:: Dataset records ::

----------------

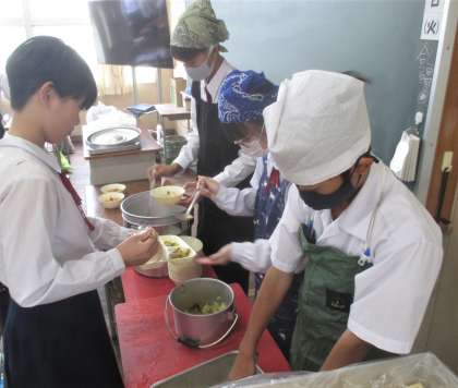 給食の配膳風景です。
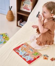 Die Puzzles zeigen bunte Tierfiguren, die verschiedene Musikinstrumente spielen.
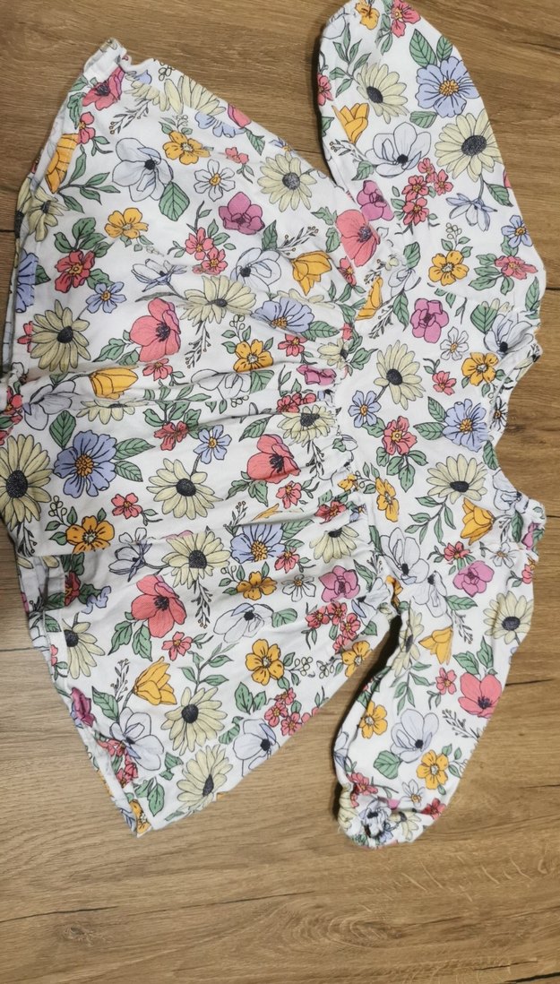 Pastel renkte çiçek desenli, fırfır detaylı yumuşak kumaştan bebek kız tulumu.
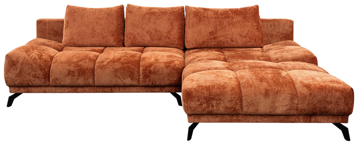 Hom`in ECKSOFA Rostfarben Chenille Rückenkissen, Bettkasten, Schlaffunktion, Rücken echt
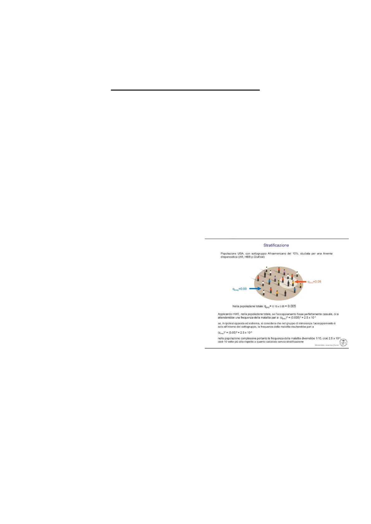 attenderebbe una frequenza della malattia pari a (qpop)2 = (0.005)2 = 2.5 x 10-5
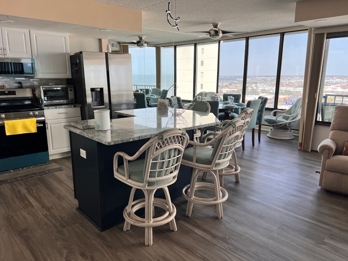 Hermoso y espacioso apartamento ático de 3 dormitorios y 2,5 baños que lo ofrece todo. Techos altos, planta abierta, espectaculares vistas al mar y preciosos amaneceres y puestas de sol. Piscina en la azotea, acceso completo a la cocina con una gran barra y electrodomésticos nuevos. A pocos pasos de la playa. Disfruta de la excelente comida de uno de los muchos restaurantes que Ocean City tiene para ofrecer. Ideal para unas vacaciones en familia. Muchas actividades para elegir, incluyendo clubes, paseo marítimo, parque acuático, minigolf, parque de atracciones, pista de patinaje sobre hielo cubierta y tiendas.
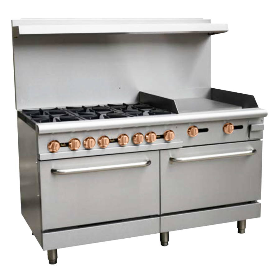 Copper Beech CBR-60-24G Restaurant Range, natural gas, 60"W, (10) 30,000 BTU open burners, cast iron burners & grates, (2) 26.5” standard oven, thermostatically controlled, insulated oven door, (4) racks, U-shaped oven burner, stainless steel front/back riser & galvanized sides, (6) casters, 3/4" NPT rear gas connection, 362,000 BTU, cETLus, ETL-Sanitation
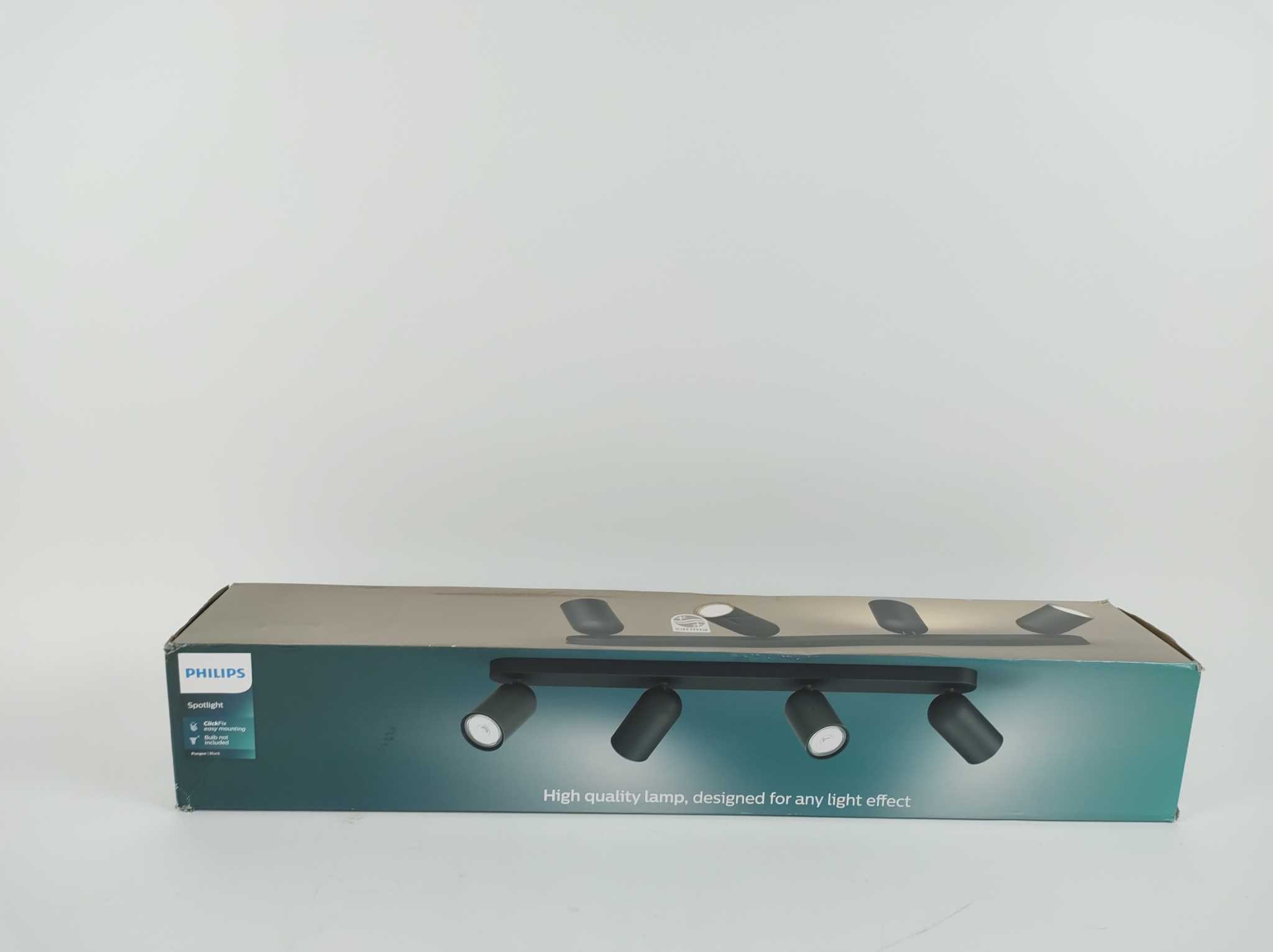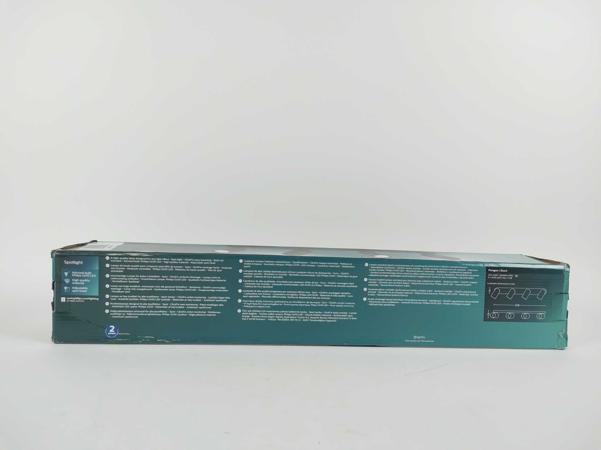 Philips Plafondspot Pongee 4-lichts - Zwart. De Philips Pongee opbouwspot heeft een elegant zwart ontwerp met vier verstelbare lichtbronnen, perfect voor gerichte verlichting in diverse ruimtes. De lamp is compatibel met verschillende lichtbronnen, waaronder LED, en biedt energiezuinigheid. Met een eenvoudige installatie en veelzijdigheid in gebruik, is deze spot ideaal voor woonkamers, keukens of werkruimtes. Bovendien voegt het een moderne uitstraling toe aan elk interieur. Type product: Oppervlak-spotverlichting. Fitting/voet-type: GU10. Geschikt voor gebruik binnen. Aantal lampen: 4 gloeilamp(en), Type lamp: LED. Internationale veiligheidscode (IP): IP20. Dimbaar. Ingangsspanning: 220-240 V. Kleur van het product: Zwart. Afmetingen: 63 x 12 x 8 cm. Gewicht: 1,4 kg.
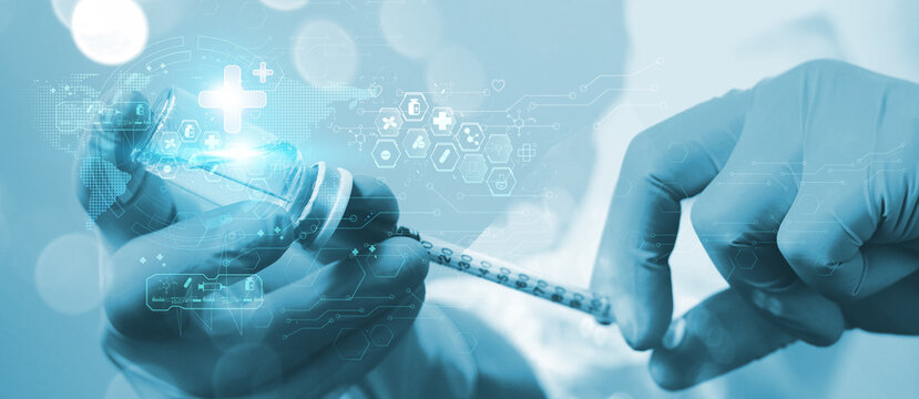 health insurance concept. Doctor or scientist with stethoscope in hand with syringe vaccine showing health insurance related icons on virtual screen.
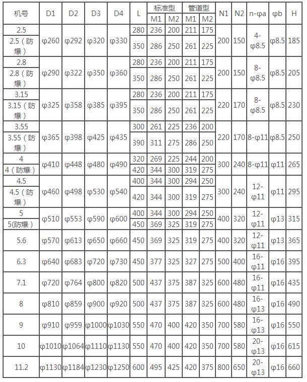 三、CDZ型低噪聲軸流風機外形及安裝尺寸
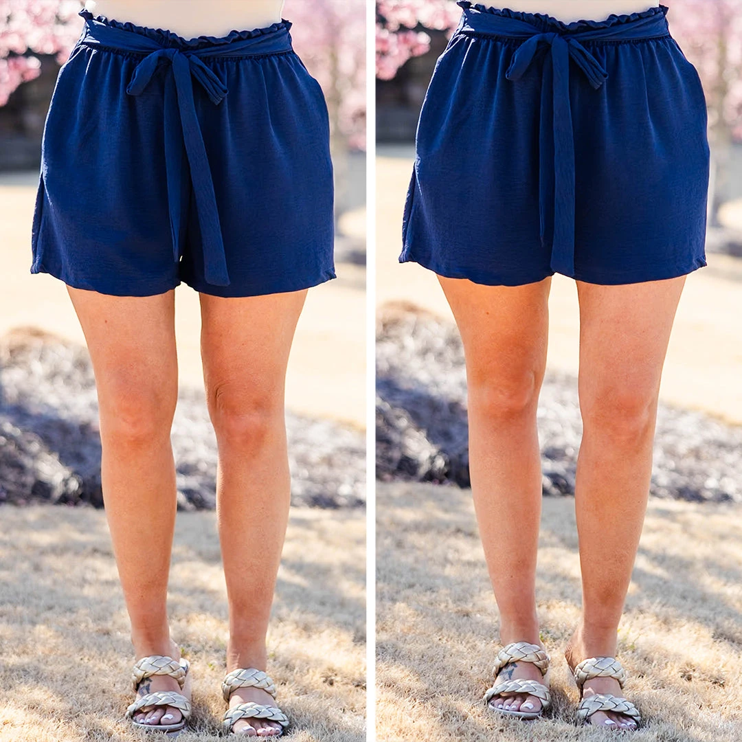 We speak the truth when we day these will be your new FAV shorts! The elastic waistband and waist tie provide a comfortable and flattering fit, while the gorgeous light navy color adds a pop of freshness to your wardrobe!
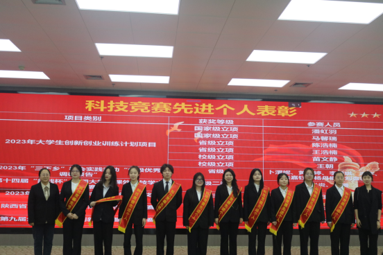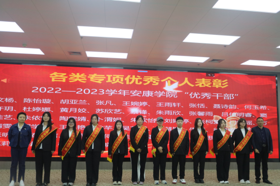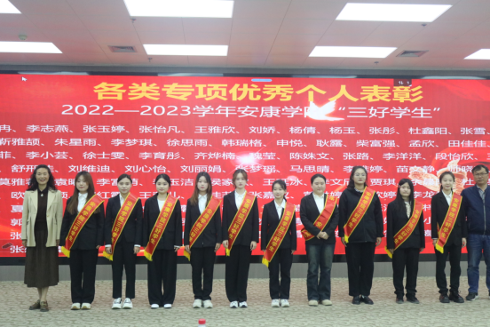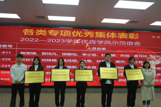 大会第二项,与会领导、老师为受表彰先进集体和个人代表佩戴荣誉绶带、颁发荣誉标牌。本次大会共表彰了“奖学金先进个人”68人、“专业竞赛先进个人”2人、“科技竞赛先进个人”43人、“各类专项优秀个人”150人、“各类专项优秀集体”9个。
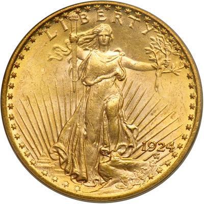 1924 $20 St. Gaudens. PCGS graded MS-63. Attractive color is seen over each side with smooth luster (PCGS # 9177).
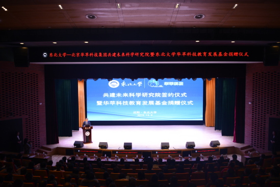 12月9日,东北大学—华苹集团共建未来科学研究院暨东北大学华苹科技教育发展基金捐赠仪式在浑南校区图书馆报告厅举行。北京华苹科技集团有限公司董事长陈华一行5人,东北大学校长赵继、副校长孙雷,科学技术研究院、学生工作处、对外联络与合作处、浑南校区管理委员会、创新创业学院、计算机科学与工程学院、软件学院、医学与生物信息工程学院、生命科学与健康学院、机器人科学与工程学院相关负责人及师生代表近500人出席仪式。

----------------

:: What is expected ::
All of the lines above should be copied exactly, apart from the pictures.

:: Result for this exercise ::
 給食の配膳風景です。
 Die Puzzles zeigen bunte Tierfiguren, die verschiedene Musikinstrumente spielen.
 Pastel renkte çiçek desenli, fırfır detaylı yumuşak kumaştan bebek kız tulumu.
 Hom`in ECKSOFA Rostfarben Chenille Rückenkissen, Bettkasten, Schlaffunktion, Rücken echt
 attenderebbe una frequenza della malattia pari a (qpop)2 = (0.005)2 = 2.5 x 10-5
 Hermoso y espacioso apartamento ático de 3 dormitorios y 2,5 baños que lo ofrece todo. Techos altos, planta abierta, espectaculares vistas al mar y preciosos amaneceres y puestas de sol. Piscina en la azotea, acceso completo a la cocina con una gran barra y electrodomésticos nuevos. A pocos pasos de la playa. Disfruta de la excelente comida de uno de los muchos restaurantes que Ocean City tiene para ofrecer. Ideal para unas vacaciones en familia. Muchas actividades para elegir, incluyendo clubes, paseo marítimo, parque acuático, minigolf, parque de atracciones, pista de patinaje sobre hielo cubierta y tiendas.
 Copper Beech CBR-60-24G Restaurant Range, natural gas, 60"W, (10) 30,000 BTU open burners, cast iron burners & grates, (2) 26.5” standard oven, thermostatically controlled, insulated oven door, (4) racks, U-shaped oven burner, stainless steel front/back riser & galvanized sides, (6) casters, 3/4" NPT rear gas connection, 362,000 BTU, cETLus, ETL-Sanitation
 Philips Plafondspot Pongee 4-lichts - Zwart. De Philips Pongee opbouwspot heeft een elegant zwart ontwerp met vier verstelbare lichtbronnen, perfect voor gerichte verlichting in diverse ruimtes. De lamp is compatibel met verschillende lichtbronnen, waaronder LED, en biedt energiezuinigheid. Met een eenvoudige installatie en veelzijdigheid in gebruik, is deze spot ideaal voor woonkamers, keukens of werkruimtes. Bovendien voegt het een moderne uitstraling toe aan elk interieur. Type product: Oppervlak-spotverlichting. Fitting/voet-type: GU10. Geschikt voor gebruik binnen. Aantal lampen: 4 gloeilamp(en), Type lamp: LED. Internationale veiligheidscode (IP): IP20. Dimbaar. Ingangsspanning: 220-240 V. Kleur van het product: Zwart. Afmetingen: 63 x 12 x 8 cm. Gewicht: 1,4 kg.
 health insurance concept. Doctor or scientist with stethoscope in hand with syringe vaccine showing health insurance related icons on virtual screen.
 三、CDZ型低噪聲軸流風機外形及安裝尺寸
 We speak the truth when we day these will be your new FAV shorts! The elastic waistband and waist tie provide a comfortable and flattering fit, while the gorgeous light navy color adds a pop of freshness to your wardrobe!
 大会第二项,与会领导、老师为受表彰先进集体和个人代表佩戴荣誉绶带、颁发荣誉标牌。本次大会共表彰了“奖学金先进个人”68人、“专业竞赛先进个人”2人、“科技竞赛先进个人”43人、“各类专项优秀个人”150人、“各类专项优秀集体”9个。
 1924 $20 St. Gaudens. PCGS graded MS-63. Attractive color is seen over each side with smooth luster (PCGS # 9177).
 12月9日,东北大学—华苹集团共建未来科学研究院暨东北大学华苹科技教育发展基金捐赠仪式在浑南校区图书馆报告厅举行。北京华苹科技集团有限公司董事长陈华一行5人,东北大学校长赵继、副校长孙雷,科学技术研究院、学生工作处、对外联络与合作处、浑南校区管理委员会、创新创业学院、计算机科学与工程学院、软件学院、医学与生物信息工程学院、生命科学与健康学院、机器人科学与工程学院相关负责人及师生代表近500人出席仪式。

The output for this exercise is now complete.